The copolyester composition according to any one of claims 1 to 11, wherein the copolyester composition further comprises a flame retardant synergist additive that comprises a phosphorus, nitrogen and/or sulfur containing compound; a phosphorus compound; a phosphazene compound; an oligomeric phosphate ester; or combinations thereof.
The copolyester composition according to any one of claims 1 to 12, wherein the copolyester composition comprises an impact modifier chosen from a reactive acrylic impact modifier, an unreactive MBS impact modifier, an epoxide-functional impact modifier, or mixtures thereof.
The copolyester composition according to any one of claims 1 to 13, wherein the copolyester composition further comprises a chain extender that comprises a multifunctional epoxide chain extender.
The copolyester composition according to any one of claims 1 to 14, wherein the copolyester composition has a notched Izod impact strength of 150, or 200, or 250, or 300, or 500 Joules/m or greater measured according to ASTM D256.
The copolyester composition according to any one of claims 1 to 15, wherein the copolyester composition exhibits 100%ductile behavior when tested according to ASTM D256.

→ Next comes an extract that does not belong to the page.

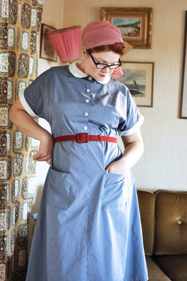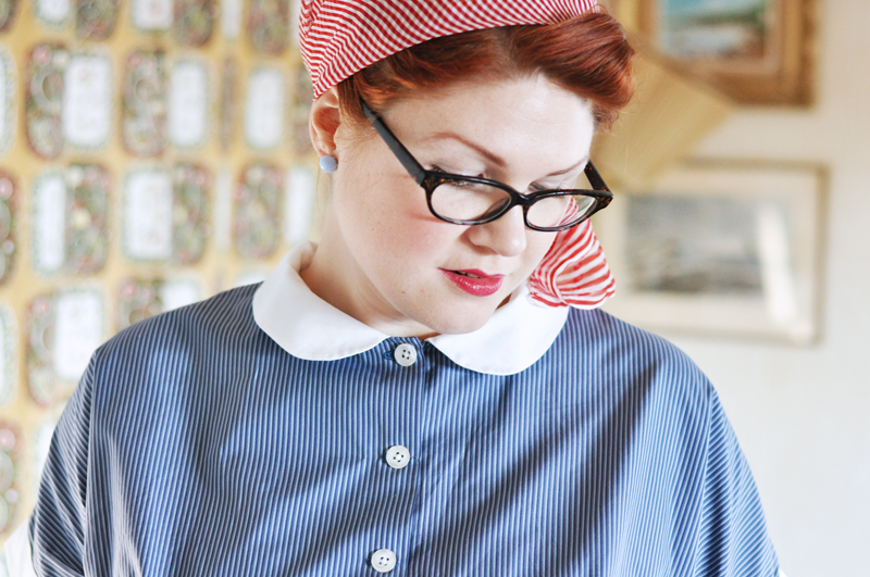 I ett av alla mina fina skjorttyger som jag fyndade den där gången då jag köpte upp ett lager efter en affär som lade igen. En mellanblå glansig bomull med små ränder. När jag hittade en redan uppsydd krage (som jag antagligen tänkt ha till något men sedan ändrade mig) beslöt jag att den skulle få hamna på den blå klänningen. När jag sedan satte på ”manschetter” på ärmarna i samma vita bomulls-poplin och sytt i de vita pärlemorknapparna insåg jag att det i princip hade blivit en sjuksköterske-klänning av det hela, utan att jag märkte det under tiden jag sydde. Men inte gör det mig nått, den klassiska sjuksköterske-looken faktiskt ganska tjusig enligt mig..

The copolyester composition according to any one of claims 1 to 16, wherein the copolyester composition further comprises one or more additional additives chosen from colorants, dyes, mold release agents, additional flame retardants, plasticizers, processing aids, rheology modifiers, nucleating agents, antioxidants, light stabilizers, fillers, and reinforcing materials.

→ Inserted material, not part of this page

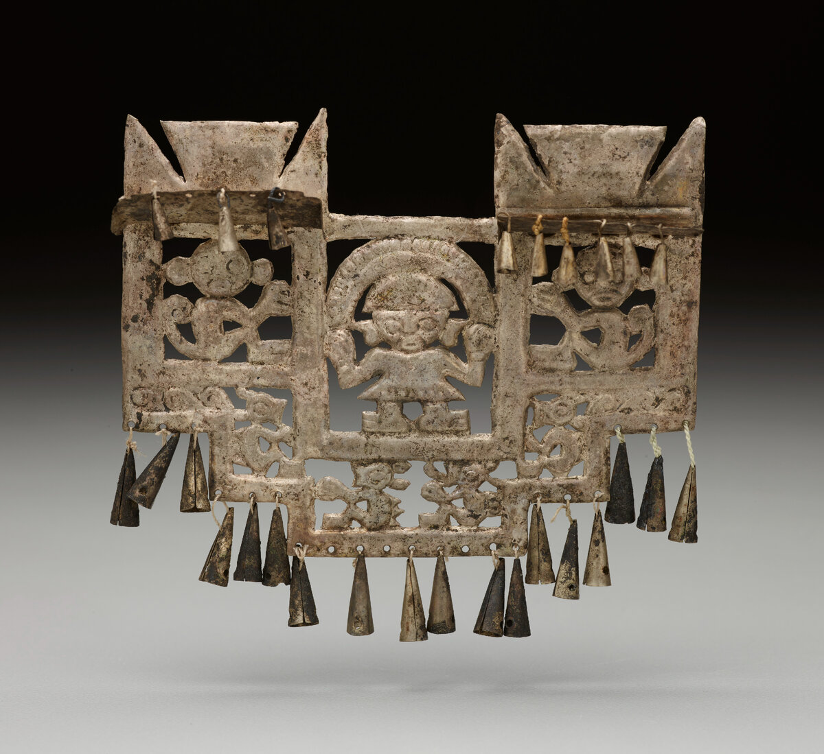 Изделие относится к культуре Чиму – высокоразвитой доколумбовой культуры на северо-западе Перу, существовавшей с 1250 до 1470 гг., пока её не завоевали инки. Выполнено украшение из серебра в период между 1100 и 1440 гг. н. э.

An article comprising a copolyester composition according to any one of claims 1 to 17.
The article according to claim 18, wherein the article is in the form of a film, sheet, molded part, or profile.
The article according to claim 18 or 19, wherein the article is chosen from a medical device housings or components, housings for electronic devices or peripherals, personal electronic device components, television or monitor housings or components, power tool housings or components, power adapter housings or components, home automation device components, gaming device housings or components, building and construction materials and components, furnishing and home decoration components, wiring and connector housings or components, and automotive structural or decorative components.